We were pleased to see that the artifacts uncovered resembled Xiongnu artifacts found at other sites in central and northeastern Mongolia, thus showing continuity across vast distances. Some artifacts, like the Chinese-style bronze mirror fragments, show that the Xiongnu community at our site had a relationship with other regional powers. We stayed up late the last few nights before leaving the site, working by the light of our headlamps to get all of the artifacts packed.

When I returned to Ulaanbataar, I spent two weeks working at the National Museum of Mongolia under the direction of Ts. Egiimaa, an archaeologist and curator of Xiongnu materials. I learned how to take the artifacts from a dig and transition them into storage: in our case, this meant registering the artifacts in a database, then creating inventories of each box of artifacts, labeling each box, and sorting the boxes into the proper storage location. The contrast between working on site in western Mongolia to working in a museum was high: I could go to the store to buy supplies and I could do research on the Internet, but I couldn’t spend my lunch break hiking in the mountains.

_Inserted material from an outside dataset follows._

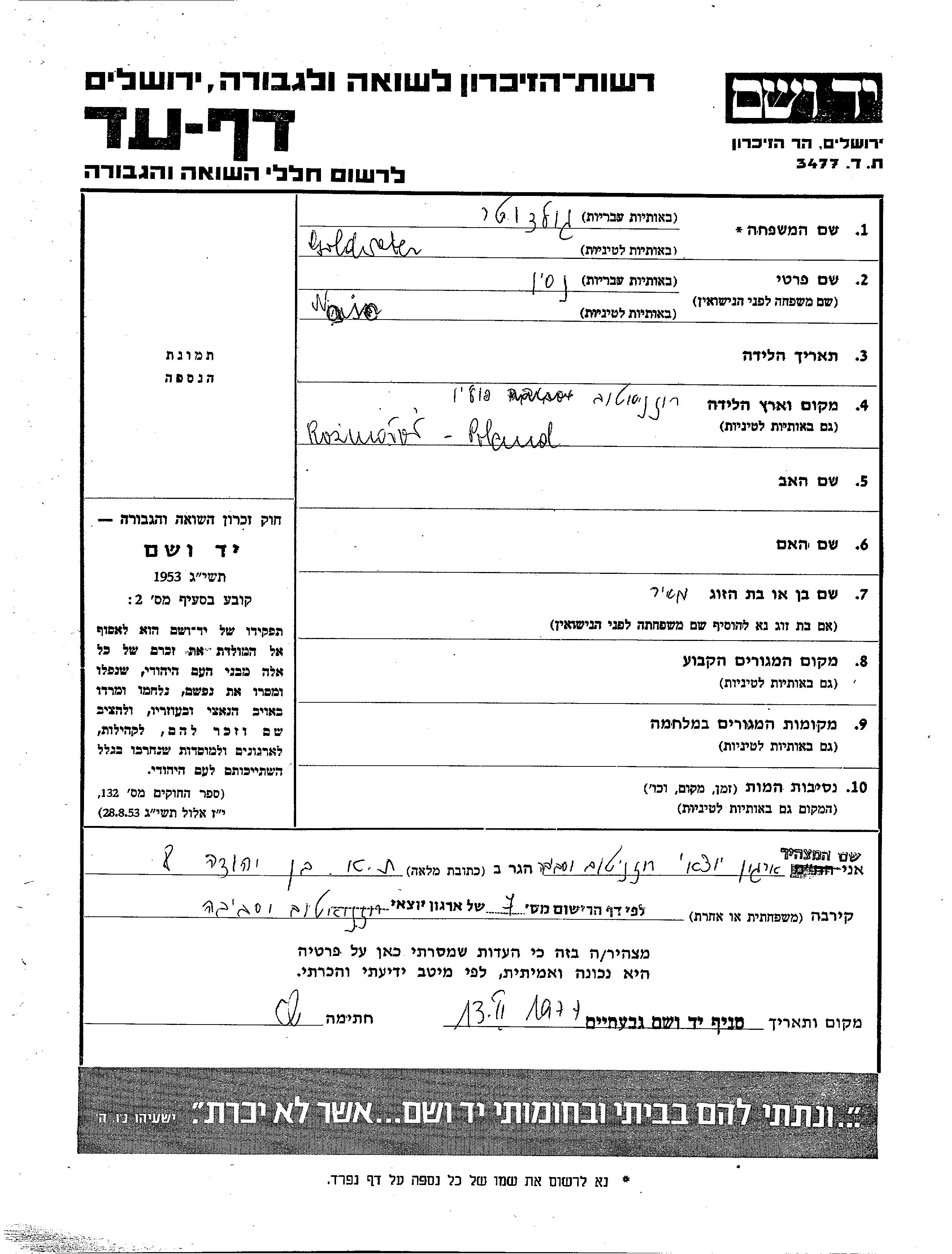 Yad Vashem - Pages of Testimony Names Memorial Collection

I left Mongolia with a deep appreciation of the challenges and joys of archaeological conservation in the field. What’s more, the experience made me even more excited to enter a graduate program in conservation in order to continue learning. I am grateful to the AIA for awarding me the Jane C. Waldbaum Archaeological Field School Scholarship, which helped me confirm that conservation is indeed what I would like to do.